Provides an overview of what Data Replication, Snapshots, Mirroring, Auditing, and Metrics Collection are.
Data from one of the replica containers is first offloaded and then the data in all the replica containers is purged. filesystem only stores the metadata after data is offloaded. The offload is considered successful only when data on all active replicas have been purged (or removed from the storage pool to release the disk space on the data-fabric filesystem). If, during the offload, the node on which one of the replicas reside is down, the data on that container is purged once the node comes back up.
In the tiering architecture, although data is moved to the storage tier, the namespace of the volume continues to be 3-way replicated. So, the metadata related to namespace container has 3x cost.
The offloaded replica containers are recalled if/when the whole volume is recalled. When a replica is reinstituted to the cluster as a result of a recall operation, a re-synchronization happens to bring all the replicas up to date from the designated master container.
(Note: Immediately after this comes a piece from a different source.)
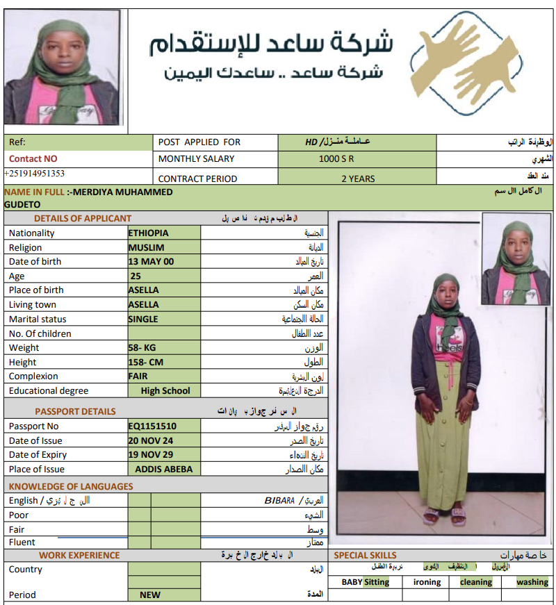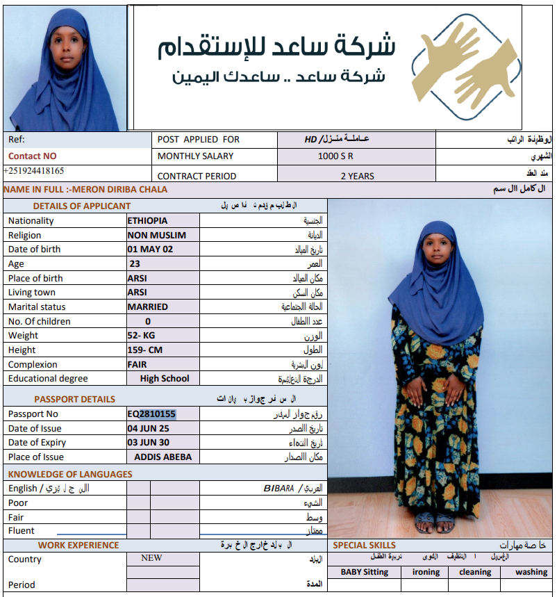 المهنة : عاملة منزلية

You can associate a snapshot schedule with tiering-enabled volumes. When the data in the volume is offloaded, associated snapshots are also offloaded and filesystem only stores the metadata. If the whole volume is recalled, the snapshots are also recalled to the data-fabric filesystem. When offloading recalled snapshots, the rules for data offload apply to snapshots as well.
You can create tiering-enabled source volumes and associate them with tiering-enabled mirror volumes. You cannot associate tiering-enabled mirror volumes with standard volumes that are not tiering-enabled and vice versa. Only homogeneous combination of mirror and standard volumes are supported; heterogeneous combination of mirror and standard volumes are not supported.
When a synchronization of the tiering-enabled mirror volume with the (local or remote) tiering-enabled source volume is triggered (either manually or automatically based on a schedule), the mirror volume synchronizes with the source volume if source volume data is local (and not yet tiered). On the other hand, if the source volume data is tiered, the tiering-enabled mirror volume synchronizes with the tiered data fetched by the MAST Gateway that is assigned to the source volume. Incremental changes in the mirror volume are offloaded based on the offload rules associated with the tiering-enabled mirror volume.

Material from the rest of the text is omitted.